AIT SAADA, mon village natal

AIT SAADA, mon village natal

Récits et Images de la lointaine Kabylie ou les Chroniques d'un terroir déchiré entre traditions et modernité.


Nuit des longs couteaux

Publié par Idir AIT MOHAND ou Matricule S/5341 sur 22 Juin 2012, 22:27pm

Catégories : #Mes articles

 

« La pire des horreurs !!! Abraham, père des religions monothéistes, a failli immoler son propre fils sur instructions de Dieu ! Le premier assassinat sur terre, remonterait à la genèse avec les deux fils d’Adam. Le tueur d’une personne est un assassin. Celui qui en tue plusieurs est un tueur en série. Quand on tue sans compter, on le fait pour raisons d’Etat et lorsque le nombre reste indéfini, on le fait pour Dieu au nom de la foi ! Non, je refuse de regarder cette abomination !!!!

Les égorgements récents ne font que remuer le couteau dans la plaie et me renvoient aux égorgements commis pendant la guerre de révolution dont certains de leurs auteurs, encore en vie, passent pour des héros. Parfois, il m’arrive de vomir l’humanité entière, à commencer par moi-même. L’animal a, au moins, le mérite de respecter son statut, pas l’homme ».  Ce commentaire, je l’ai posté suite à la lecture d’un article appuyé d’une vidéo qu’un ami à partagée sur facebook.

Pour mieux comprendre ma réaction, il faut avoir un regard d’enfant qui a subi la guerre d’Algérie d’un côté comme de l’autre. Lorsque l’école a fermé ses portes pour toujours au gamin de 12 ans que j’étais et qu’il ne me restait plus qu’à vivre les horreurs de la guerre sans la comprendre ni la juger, il est clair que le traumatisme reste vivace et la phobie du sang me poursuivra jusqu’à la fin.

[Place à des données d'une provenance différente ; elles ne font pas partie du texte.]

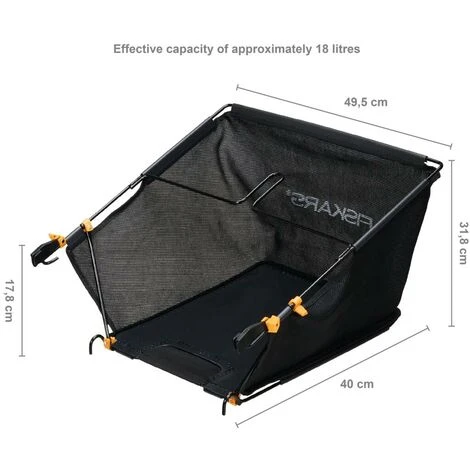 • Installation facile sans outils sur l’avant de la tondeuse, Poignée pratique pour une manipulation facile du bac

Oui, durant toute mon adolescence, j’étais hanté à l’idée de recevoir un couteau sur la gorge car les égorgements étaient fréquents pendant la guerre. De mémoire d’enfant, le nain qui accompagnait la troupe de maquisards, ne portait pas d’arme, mais avait une corde et un poignard suspendus à son ceinturon. La corde touchait le sol tellement il était petit. A la djemaa, lieu de repos, il y avait du monde en ces temps où les champs étaient désertés.

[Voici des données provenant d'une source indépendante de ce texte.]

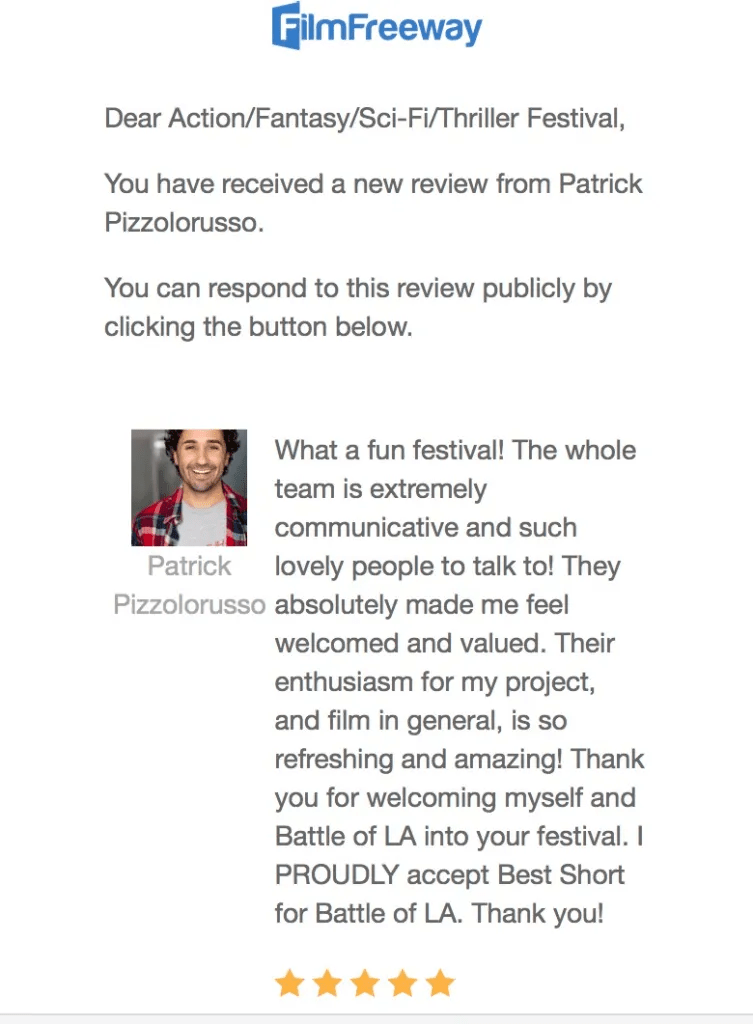 Tier #1 – Your film plays at a public film festival event where the audience will record their comments/reactions to your film on their camera or phone, then we edit them and send you a promotional video. No matter what you will receive a promotional video of your film of people commenting on your film.

- Y a-t-il quelqu’un qui chique ou qui fume parmi vous ? Disait-il de sa voix aussi acérée que son poignard.

Au début, la chique et la cigarette étaient punissables d’une amende, mais en cas de récidive, c’était le nez qui sautait, coupé à froid. Par la suite, plus d’amendes et le nez du chiqueur ou du fumeur partait à tous les coups. Les maquisards sniffaient dans les bouches des gens pour dénicher le menteur en cas de réponse négative.

Après l’interrogatoire suivi d’un prêche, le nain sort son poignard de son étui, le fait tourner et le retourner dans tous les sens avant de lancer aux pauvres gens :

- vous savez pourquoi mon poignard tremble? Si vous ne le savez pas, je vais vous le dire :

- il réclame le traître qui est parmi vous ? Allez vite ! Donnez-le-moi que je lui tranche la gorge.

Ces égorgeurs, à l’exemple du nain, étaient des volontaires pour ces actes ignobles. Leurs collègues les appelaient toujours par un pseudo suivi de « le boucher ». De plus, ils poussaient la victime à faire le choix entre la corde et le couteau. Ne supportant plus la torture, la victime finit par parler afin d’abréger sa souffrance, mais le mode exécutoire était toujours le contraire de ce qu’elle avait choisi.

Ce douloureux rappel, ne fait qu’exacerber mon sentiment de rejet d’une espèce du genre humain qui sévit à travers les quatre points cardinaux et qui continue sa progression sur le chemin du mal.